L’OMS a alloué 45 M USD de budget à l’Ukraine pour le secteur de la santé ces 3 prochains mois. Les livraisons de l’OMS comprennent des fournitures médicales pour la traumatologie, la chirurgie et les soins primaires, telles que de l’oxygène, de l’insuline, des fournitures chirurgicales, des anesthésiques, des kits de transfusion, des défibrillateurs, des moniteurs… (Plus d’infos).

Zoom acteurs locaux dans le secteur de la santé en Europe centrale et orientale 

Zoom : SiDLY

SiDLY a développé un système de téléassistance complet pour les personnes âgées comprenant un bracelet d’alerte médicale (dispositif médical CE), une plateforme de télémédecine ainsi qu’une application. Cette entreprise polonaise est déjà présente dans 8 pays en Europe et équipe plus de 15 000 utilisateurs. La solution est disponible en B2B pour les hôpitaux et collectivités locales mais également en B2C directement pour les particuliers. Cela permet de maintenir la personne âgée plus longtemps à son domicile tout en assurant un suivi médical.
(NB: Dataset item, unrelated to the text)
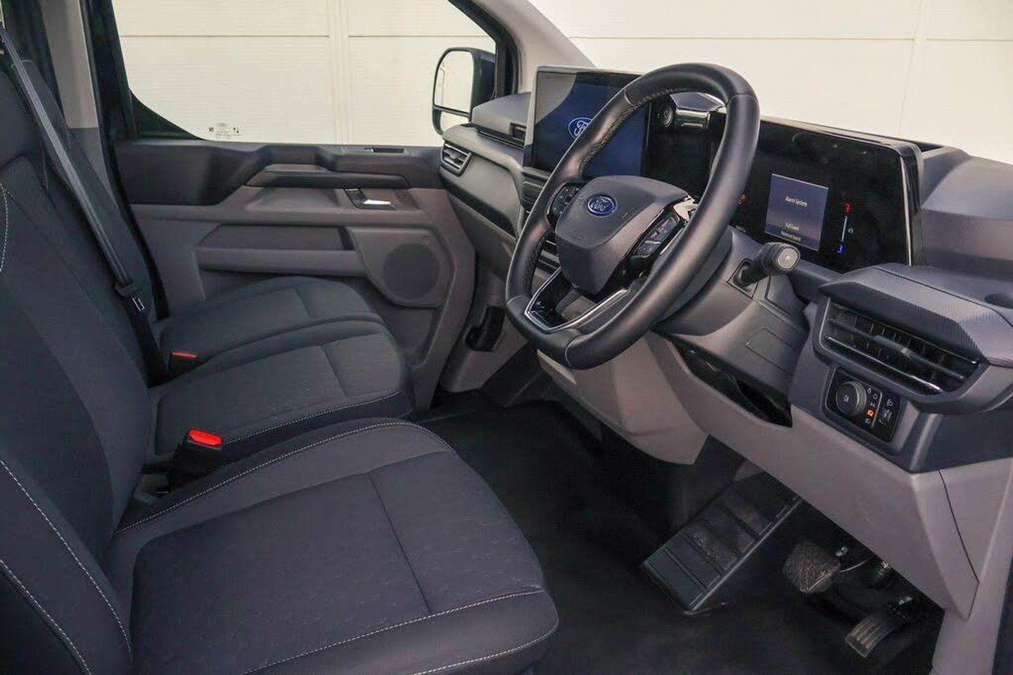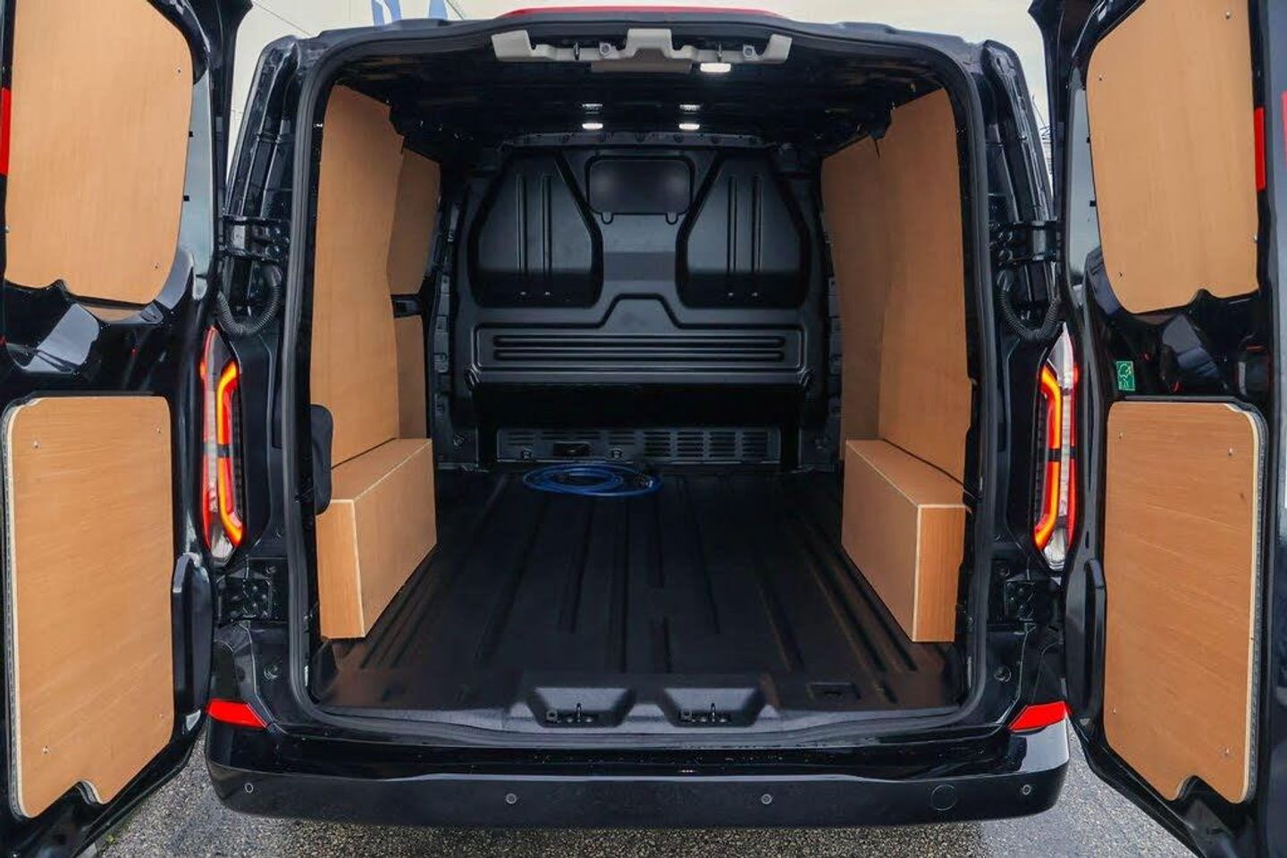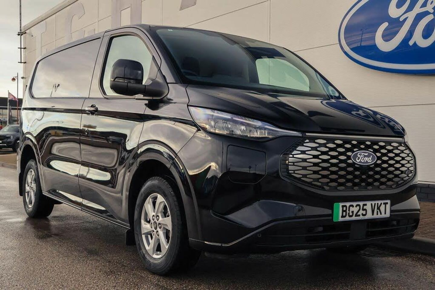 13" Touchscreen, 5G embedded modem, AECS NO SMS/Roll Detect 2G, PAS, Tyre pressure monitor, SYNC 4 - Android Auto/Apple Car Play, advance speech recognition, over the air update capability, Automatic headlights, Automatic windscreen wipers, Body coloured door mirrors, Body coloured front bumper, Body coloured rear bumpers, Coast-to-coast light bar, Daytime running lights, Electric front windows with one touch facility for driver and front passenger, Front mud flaps, Front splash guards, LED tail lamps, Low roof line, Quickclear front window defroster, Rear cargo hinged door, Rear splash guards, Signature BEV Grille, Trailer sway control, 6 Load compartment tie down loops, Courtesy light, Heat pump, Interior grab handle with driver's sunglasses holder, LED lights, Locking glove box lid, Sensico gearshift knob, 2 remote keys, Alcohol Interlock wiring preparation pack, Keyless entry and start, Locking wheel lug nut, Thatcham category 1 alarm, Cloth - Barlo Style 1 - Black Onyx
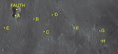 ![]() Снимок зонда Lunar Orbiter – IV. Крате Фаут вверху, сателлитный кратер Фаут А внизу. | |

Le système envoie des notifications instantanées au soignant, aux secours ou aux proches lorsque l’utilisateur du dispositif est en danger. Il permet aussi aux deux parties de communiquer via des appels téléphoniques.

Le bracelet d’alerte médicale dispose des fonctionnalités suivantes :

  • Bouton SOS
  • Détection de chute
  • Position GPS de l’utilisateur
  • Mesure du rythme cardiaque
  • Capteur repérant le retrait ou le port non conforme du bracelet
  • Rappel de prise de médicaments

Ce système de téléassistance a également sa place au sein des hôpitaux, et en particulier lors d’une épidémie. SiDLY a été déployé dans un hôpital à Nisko en Pologne et a permis d’améliorer les procédures de monitoring des patients atteints de Covid-19. En effet, les visites répétées de contrôle de patients contaminés augmentent les risques d’infection du personnel soignant et de patients dans d’autres services. Grâce aux bracelets médicaux, les patients ont la possibilité de communiquer avec le personnel soignant et leurs constantes sont visibles en permanence sur la plateforme SiDLY. La sûreté de tous les patients et du personnel soignant de l’hôpital de Nisko a été améliorée, en particulier en période de Covid-19.

Le système SiDLY contribue à l’amélioration des procédures hospitalières en :

  • Alertant le personnel médical en cas de détérioration de l’état du patient, de chute ou de sortie de l’hôpital.
  • Permettant au patient d’appeler le personnel médical et d’échanger vocalement avec eux.
  • Automatisant la prise de constantes, comme le pouls et la saturation.

Zoom : Vieillissement en Pologne

            Le vieillissement de la population en Pologne est l’un des plus rapides d’Europe : les +65 ans représentent actuellement 18% de la population polonaise et cette part devrait doubler d’ici 2050. Plus de 13 millions de personnes seront concernées. Par ailleurs, on observe une augmentation du PIB par habitant d’environ 25% ces 5 dernières années et du nombre de contrats d’assurances médicales privées (+3 M contre 1,42 M en 2015). Les 7 M de retraités en Pologne disposent d’un pouvoir d’achat limité mais croissant : la retraite moyenne se situe autour de 400 EUR par mois, en augmentation d’environ 25% par rapport au montant de 2015.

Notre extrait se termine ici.